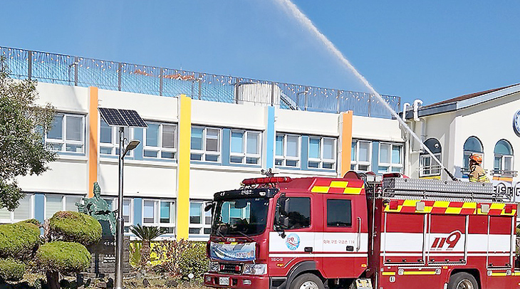 서부소방서 안덕 119센터는 지난 2일 서귀포시 안덕초등학교 지도교사 및 학생 100여 명을 대상으로 안덕초등학교에서 소화기 사용법, 화재진압 훈련 등 소방안전교육을 실시했다.
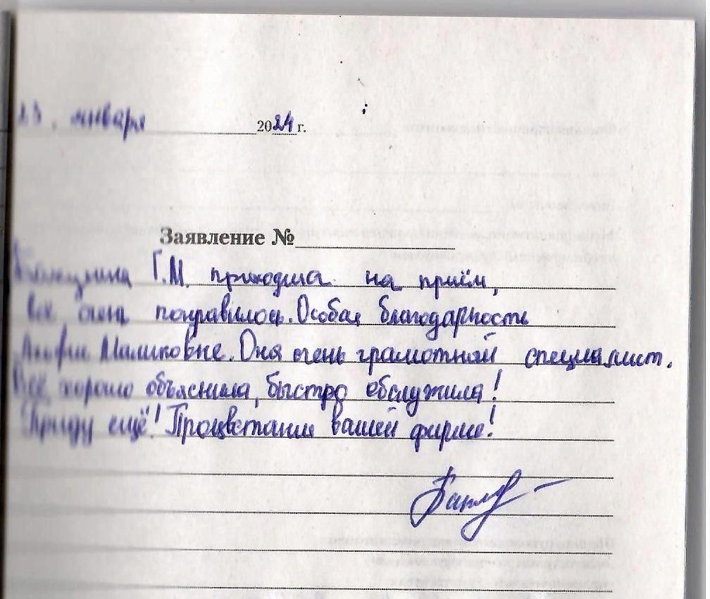 Я, Бакунина Г.М. приходила на приём, всё очень понравилось. Особая благодарность Альфие Маликовне. Она очень грамотный специалист. Всё хорошо объяснила, быстро обслужила! Приду ещё! Процветания вашей фирме!
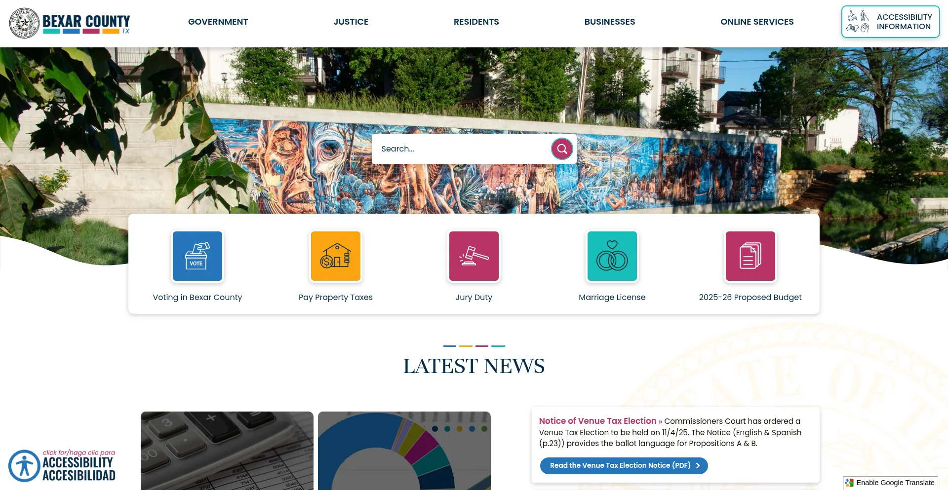 Bexar County Government website. Commissioners Court, Elected Officials, County Offices, Jury Duty Information, Election Information, Court Information, Community Information an...
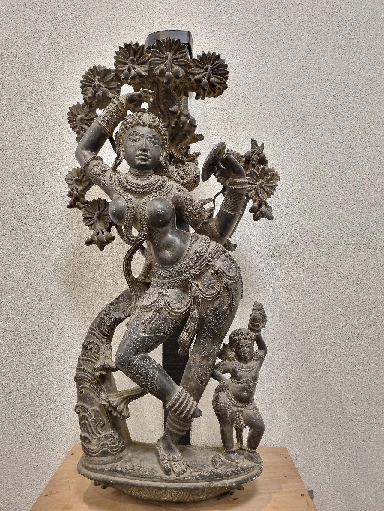 특히 춤추는 나트라자 상이 무척 정교하게 만들어져 있었는데 강가강의 신이 머리칼에 있고 구멍이 뚫린것은 강가강의 돌이며 머리 중앙의 해골은 장례터를 돌아다닌다는 의미라고 합니다... 뒷편의 한손에는 드럼과 다른 한손에는 불을 들고 있고 앞의 손은 무드라를 표현합니다. 시바신이 밟고 있는 난장이는 무지를 상징하며 전체적으로 전 우주적인 춤을 보여줍니다. 12세기 춀라시대의 작품입니다.
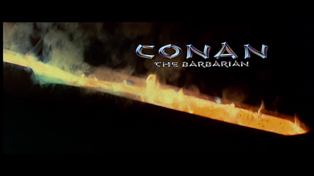 le générique se déroule tandis qu'est forgée une épée, sur la musique virile de Basil Poledouris
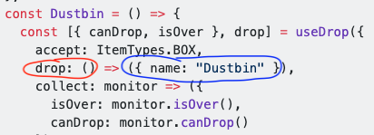 Đối với Drop nơi đón nhận sự kiện từ drag cũng vậy , nó cũng có các tham số truyền vào và ref sử dụng bằng hook useDrop ().
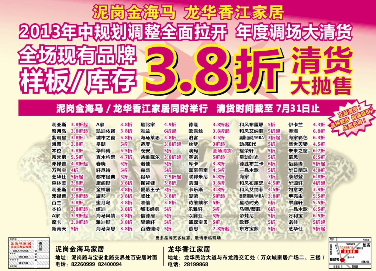 深圳·龙华香江家居/泥岗金海马????? ???????????????????? ???????????????????? ???????????????????? ???????????????家居年度调场3.8折大清货
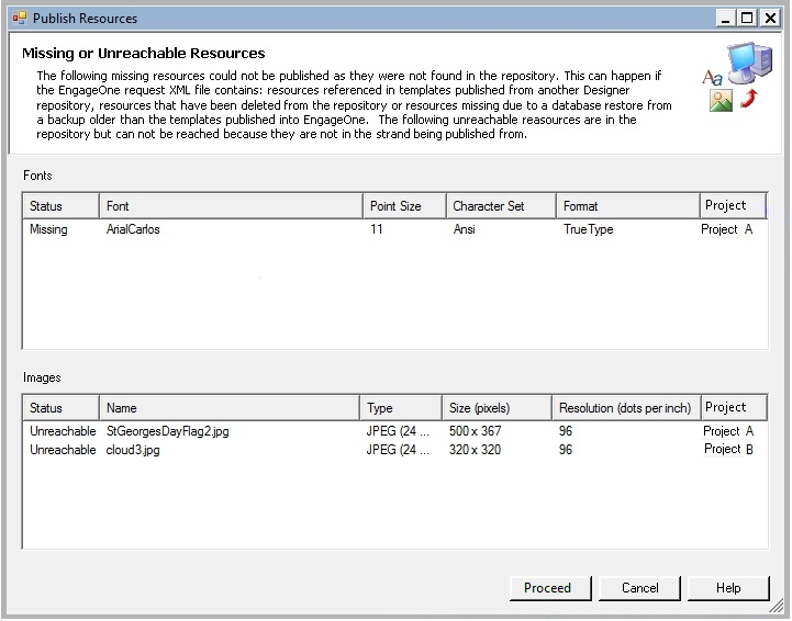 If a resource cannot be found, you must resolve them and then rerun the publishing process. The Missing Resources dialog box lists all the fonts and images that cannot be found in the EngageOne™ Designer repository but are present in the resource request file.
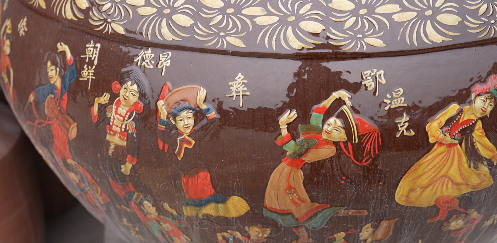 这里面有从2022年开始设计的东坡家酒酒坛,1斤到5斤规格均有,上面文化名人形象生动,艺术性颇高;陶体绘有荷叶的五粮液酒坛,寓意着和和美美,手工烧制陶盖与陶口完美贴合,不用加密封圈就能很好地实现气密性……此外还有展会展览使用的文创酒坛,造型独特,制作精美,成为刘勇团队以及整个荣县陶产业发力重要领域。
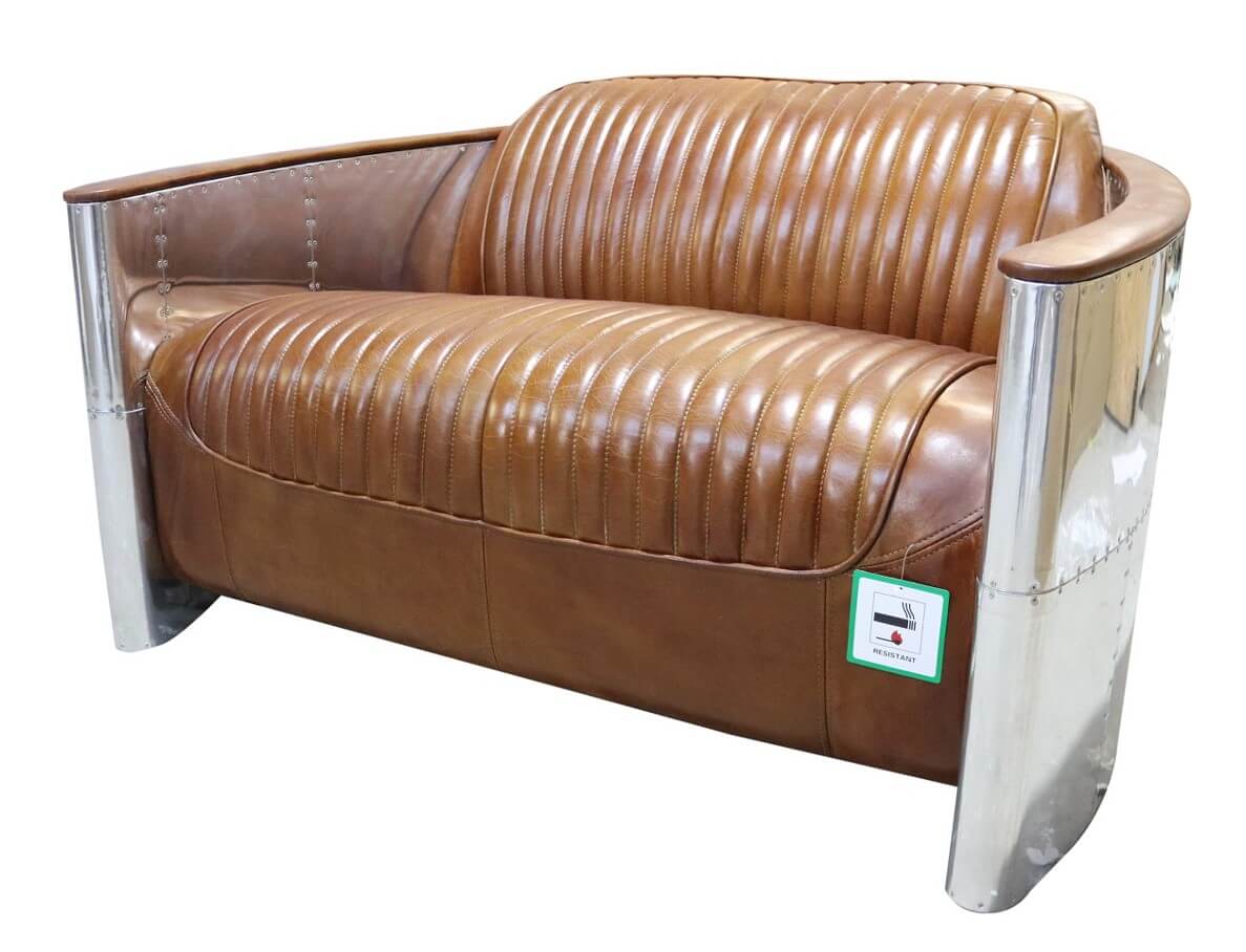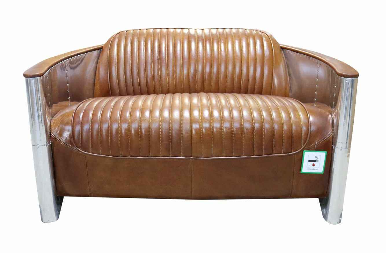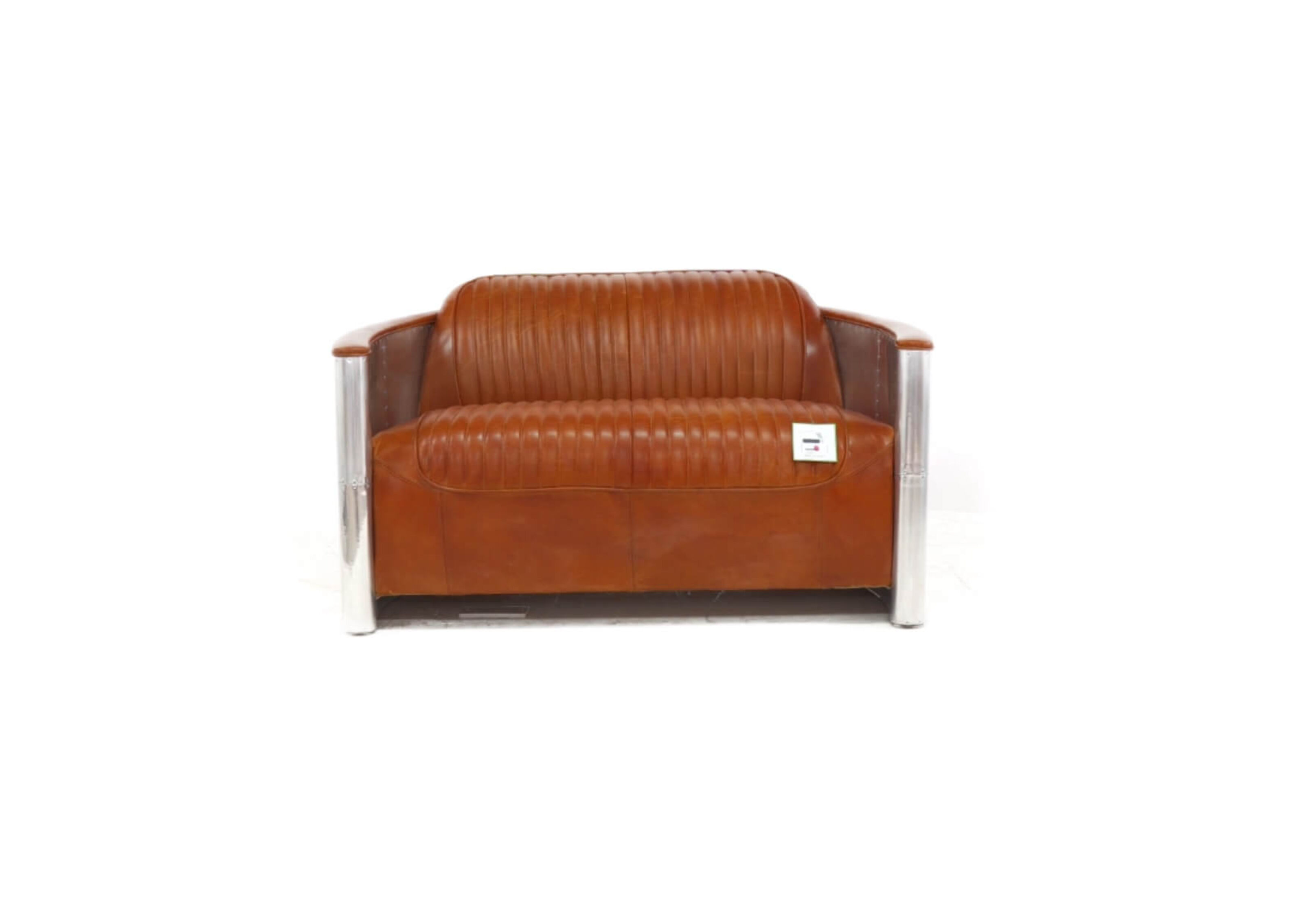 Aviator Pilot 2-Seater Sofa – Vintage Tan Distressed Leather

━━━━━━━━━━━━━━━━━━━━

**Task details**
Copy exactly the lines of the listing above between the one holding "If a resource" and the one holding "这里面有从2022年开始设计", inclusive; omit all pictures.

**Task response**
 If a resource cannot be found, you must resolve them and then rerun the publishing process. The Missing Resources dialog box lists all the fonts and images that cannot be found in the EngageOne™ Designer repository but are present in the resource request file.
 这里面有从2022年开始设计的东坡家酒酒坛,1斤到5斤规格均有,上面文化名人形象生动,艺术性颇高;陶体绘有荷叶的五粮液酒坛,寓意着和和美美,手工烧制陶盖与陶口完美贴合,不用加密封圈就能很好地实现气密性……此外还有展会展览使用的文创酒坛,造型独特,制作精美,成为刘勇团队以及整个荣县陶产业发力重要领域。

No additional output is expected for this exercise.